The goal of this course is to provide the students a pretty good knowledge of the foundations and the techniques of quantum mechanics. The corse is supposed to be adequate for a curriculum for Master of Science in Physics.
This course requires a knowledge of introductory quantum mechanics : wave mechanics, Schrodinger equation, some exactly solvable examples, the hydrogen aton, angular momentum, perturbation theory.
Course unit content
In the last 40 years the progress of quantum electronics experiments made it possible to carry out experiment that the founders of quantum mechanics described only as imaginary experiments: the interference of a single photon and its relocation, experiments on entangled states, etc..
Over the past 10 years new textbooks have been published in which quantum mechanics is exposed in a quite different way. The statistical operator (the density matrix) and situations where the observer has only incomplete knowledge of the quantum system are now described in detail from the beginning. There is more attention to systems with a few degrees of freedom '(especially systems of two energy levels).

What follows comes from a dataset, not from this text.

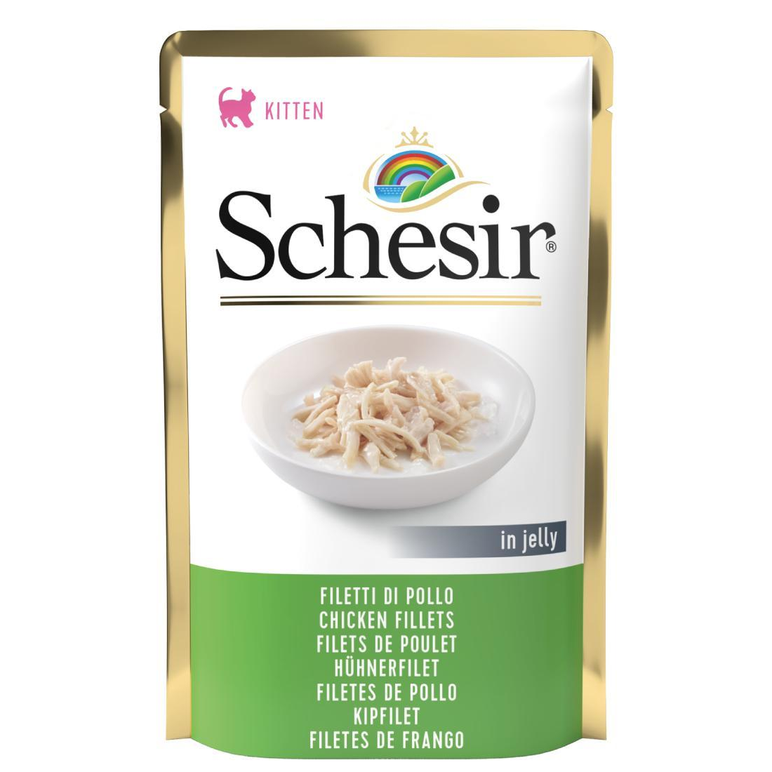 La ricetta Schesir è a base di veri filetti di pollo, con una piccola aggiunta di olio di girasole, che apporta acidi grassi omega. La preparazione è in gelatina, per una consistenza sfiziosa e più compatta nella ciotola.

At the same time, the solution of the Schrodinger equation in one dimension in a quantity of examples that are analytically solvable is now considered as less important.

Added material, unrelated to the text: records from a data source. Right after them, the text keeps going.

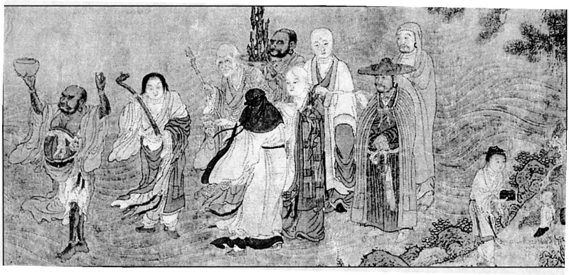 Восемнадцать архатов поклоняются богине Гуаньинь.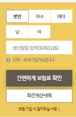 - - 위 보험료는 가입예시기준으로 산출된 보험료로서 가입자의 성별, 연령 및 직종, 납기/만기 등에 따라 달라질 수 있습니다.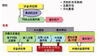 軟交換已經(jīng)從一種單純的技術(shù)發(fā)展成為網(wǎng)絡(luò)演進(jìn)中的一種理念,這種理念的一個(gè)核心就是更加開放。而傳統(tǒng)運(yùn)營商由垂直化的網(wǎng)絡(luò)、業(yè)務(wù)一體化對用戶“絕對控制”狀態(tài)走向開放化、平臺化管理的多業(yè)務(wù)單元共同參與的價(jià)值鏈最終方向,的確需要長期的過程。并且,這種發(fā)展過程的決定因素將不取決于技術(shù)發(fā)展的成熟與否,而是鏈條中各成員的生存狀態(tài)與利益分配。正如文中提到的,隨著網(wǎng)絡(luò)和應(yīng)用的不斷發(fā)展,業(yè)務(wù)與網(wǎng)絡(luò)的關(guān)系、運(yùn)營商和業(yè)務(wù)經(jīng)營者的角色都將發(fā)生改變。

The course will develop arguments inspired by these new texts. A detailed view of the course program can be obtained from the lecture notes, which are available in the teaching material in the course website.
The detailed program corresponds the the lecture notes prepared by the teacher, and freely available on Campus Net
K. Gottfried T-M. Yan, Quantum Mechanics : Fundamentals, Springer 2003.
M. Le Bellac, Quantum Physics, Cambridge Univ. Press 2006.
B.H.Bransden and C.J. Joachain, Quantum Mechanics, second edition, Pearson , 2000.
Class lectures and exercises
Assessment methods and criteria
The final grade is determined as follows : 30% on homeworks, 30% on the middle-term exam, 40% on the final-term exam.